The absence of pesticides and the emphasis on natural fertilizer are designed not only to keep the experiment as untainted as possible, but also to protect the health of the human consumers; because all the air and water in Biosphere II is continually recycled and regenerated, it is important that no poisons be introduced into the system anywhere. Otherwise, as a project scientist puts it, "we'd be drinking pollutants in a couple of days."
Isolated as they are, the Biosphereans will at least have reasonably comfortable accommodations. Each person has a 34-sq.-meter (360-sq.-ft.) apartment, with a common dining hall and recreation facilities. They will have computer and voice communications with the outside world and their own Mission Control. In case of emergency, someone can be removed through an air lock without interfering with the functioning of the closed environment.

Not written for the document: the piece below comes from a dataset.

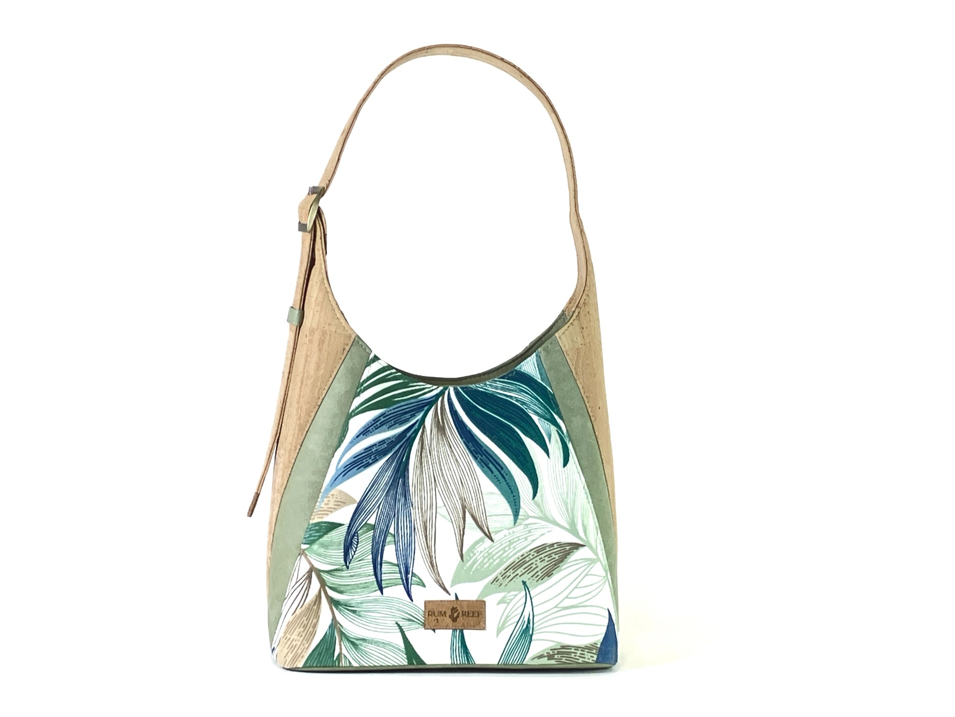 A sculpted shoulder bag with soft structure, the Adena balances relaxed cork with tropical detail. The palm print panels bring a fresh, coastal energy, while the natural cork and vinyl sides and base keep it light yet durable. A single strap adjusts for a comfortable fit, making this bag an easy everyday choice with just the right amount of personality.

Margret Augustine, the project's director and co-architect, estimates that the Biosphereans will spend about four hours a day doing scientific work and four hours on food production. Eggs will be collected from the Biospherean chickens, milk from the Biospherean goats, fish from the rice paddies or the ocean, meat from a plentiful supply of Vietnamese potbellied pigs. Surveying the desert biome he helped build from a cliffside in the savannah area, botanist Tony Burgess of the University of Arizona admits, "I thought I knew a lot about ecology when I started this. But this has been the most humbling experience of my life. Mies van der Rohe was right when he said, 'God is in the details.' "

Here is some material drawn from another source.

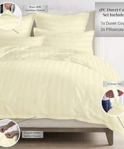 El Juego de Ropa de Cama King de 3 Piezas INCLUYE: 1 x Funda Nórdica de 104 x 90 | 2 x Fundas de Almohada de 20 x 36. Con cierre de botón oculto y 4 lazos de esquina, la Funda Nórdica permanece en su lugar para una experiencia conveniente. Las Fundas de Almohada cuentan con un elegante detalle de 5 cm. La artesanía elegante de la Funda de Edredón King está diseñada para darle a la decoración de tu dormitorio un aspecto moderno. El diseño a rayas es atemporal y contemporáneo, y puedes combinarlo fácilmente con otros accesorios de ropa de cama. Disfruta de un sueño reparador con los Juegos de Funda Nórdica transpirables y suaves que permiten que tu piel respire naturalmente. Nuestro Juego de Funda Nórdica es la opción de regalo definitiva para todas las ocasiones, incluido el Día de San Valentín, el Día de Navidad, el Día de la Madre y el Día del Padre. DISEÑO SOSTENIBLE: Nuestro proceso de descarga cero garantiza que utilicemos solo agua reciclada y ahorremos agua potable para el consumo. Fabricamos en una fábrica que cumple con BSCI y el Estándar Oeko-Tex 100, y estamos comprometidos a utilizar un sistema efectivo y bien establecido para mejorar las condiciones laborales en nuestra cadena de suministro y asegurar que nuestros textiles cumplan con los estándares de seguridad más altos. Utilizamos solo algodón 100% de fibra larga de origen sostenible que es mejor para ti y para el medio ambiente. GARANTÍA DE SATISFACCIÓN: Nuestra Funda Nórdica de 300 Hilos de Algodón tamaño Queen a cuadros es meticulosamente hecha a mano por nuestros hábiles artesanos y cada pieza es revisada antes de llegar a ti. Estamos seguros de que te encantará nuestro Juego de Funda Nórdica, además de la garantía de Mercado Libre, también ofrecemos nuestra propia garantía, si no estás feliz, simplemente devuélvelo dentro de los 30 días posteriores a la compra. GUÍA DE CUIDADO: Los tintes resistentes a la decoloración de la sábana ajustada a cuadros de 300 hilos soportan múltiples ciclos de lavado y permanecen brillantes incluso después de un uso prolongado para mantener la calidad del color. Lavar a máquina en ciclo suave y secar en ciclo suave. El blanqueador o las cremas que contienen agente blanqueador pueden causar pérdida de color.

It has been a formidable task to organize these details -- assembling plant strains, microbes, insects, and putting them together with bats, bush babies, lizards, tortoises and other life forms. No one expects all the species to survive; in fact, Burgess believes that between a quarter and a third will become extinct during the two-year period. But that is part of the experiment as well. Scientists do not necessarily know which plants and animals are best suited to self-contained habitats, and trial and error is the only way to be sure. Says Carl Hodges, director of the Environmental Research Laboratory of the University of Arizona, who directed the research and development for Biosphere's farm: "This is not an academic exercise meant to generate Ph.D.s." If it works, it will instead be hailed as one of the most concrete contributions ever made to understanding the workings of Biosphere I.